PassFile exists with a title heading and resource links

WarnFile exists but is too short, missing a title, or has no links

FailNo /llms.txt found

robots.txt AI Bot Rules

/robots.txt

Parses your robots.txt and checks whether 8 known AI crawlers are allowed or blocked: GPTBot, ClaudeBot, GoogleBot, Bingbot, PerplexityBot, ChatGPT-User, Amazonbot, and cohere-ai.

How we check

Parses robots.txt into User-agent groups with their Disallow directives. For each AI bot, checks if there's a matching group with Disallow: / (blocks all paths). Falls back to the wildcard (*) group if no bot-specific rules exist.

Why it matters

Many sites unintentionally block AI crawlers with broad Disallow: / rules added years ago for different bots. If agents can't crawl your content, they can't index, cite, or recommend it — you become invisible to AI-powered search and assistants.

Scoring

PassAll 8 AI bots are allowed

WarnSome bots are blocked — the report lists which ones

FailAll AI bots are blocked

XML Sitemap

/sitemap.xml

Checks for a valid XML sitemap at /sitemap.xml. Validates the XML structure and counts the number of URLs listed.

How we check

Fetches /sitemap.xml and looks for <urlset> (standard sitemap) or <sitemapindex> (sitemap of sitemaps) tags. Counts all <loc> entries to report the number of indexed URLs.

Why it matters

A sitemap gives crawlers a complete directory of your pages with priority and update frequency. Without one, bots have to discover pages by following links — slow, incomplete, and they'll miss orphaned or deep-nested pages.

Scoring

PassValid XML sitemap with proper structure found

WarnFile exists but isn't valid XML (wrong format or missing tags)

FailNo /sitemap.xml found

AI Manifest

/.well-known/ai-plugin.json & /.well-known/mcp.json

Looks for two machine-readable manifests: ai-plugin.json (OpenAI's plugin specification with name_for_model and schema_version) and mcp.json (Model Context Protocol configuration).

How we check

Fetches both files from /.well-known/ and validates them as parseable JSON. For ai-plugin.json, checks for name_for_model or schema_version fields.
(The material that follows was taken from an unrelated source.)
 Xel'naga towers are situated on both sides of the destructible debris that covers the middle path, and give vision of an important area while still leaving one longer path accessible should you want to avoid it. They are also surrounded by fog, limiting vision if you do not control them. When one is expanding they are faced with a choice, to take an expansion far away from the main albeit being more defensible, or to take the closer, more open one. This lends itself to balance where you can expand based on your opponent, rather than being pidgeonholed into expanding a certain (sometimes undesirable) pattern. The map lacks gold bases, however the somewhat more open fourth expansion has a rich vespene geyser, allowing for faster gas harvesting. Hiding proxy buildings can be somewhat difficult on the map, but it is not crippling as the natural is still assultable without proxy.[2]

For mcp.json, any valid JSON structure counts.

Why it matters

These manifests let AI platforms auto-discover your site's capabilities. An ai-plugin.json tells ChatGPT-style agents what your service does. An mcp.json advertises tools and data sources that MCP-compatible agents can use. Without them, AI platforms can't programmatically integrate with your site.

Scoring

PassBoth ai-plugin.json and mcp.json found and valid

WarnOnly one of the two manifests found

FailNeither manifest found

Agent-Native25%

Support for agent-specific protocols and formats

Markdown Support

Homepage with Accept: text/markdown

Tests whether your server can serve content as Markdown via HTTP content negotiation (Accept header) or a format query parameter.

How we check

First requests your homepage with the Accept: text/markdown header and checks if the response Content-Type is text/markdown or text/x-markdown. If that fails, tries appending ?format=markdown to the URL and checks if the response either has a Markdown content type or starts with # and is longer than 50 characters.

Why it matters

LLMs process Markdown natively — it's their preferred input format. When a server can return Markdown directly, agents get clean, structured content instead of parsing through HTML tags, navigation menus, cookie banners, and footer links. This dramatically improves content quality for AI consumption.

Scoring

PassServer responds to Accept: text/markdown with proper Markdown content

WarnMarkdown available via ?format=markdown query parameter

FailNo Markdown content negotiation detected

MCP Protocol

/.well-known/mcp.json

Checks for a Model Context Protocol configuration file that defines servers, tools, or resources AI agents can interact with.

How we check

Fetches /.well-known/mcp.json and validates it as JSON. Then checks for the presence of servers, tools, or resources keys — the three core MCP primitives that define what an agent can do with your site.

Why it matters

MCP is an open protocol that lets AI agents go beyond reading pages. They can call APIs, query databases, trigger actions, and access structured data through your exposed tools and resources. An MCP config transforms your site from a passive document into an active service agents can use.

Scoring

PassValid JSON with at least one of: servers, tools, or resources defined

WarnFile exists with valid JSON but no MCP primitives (servers/tools/resources)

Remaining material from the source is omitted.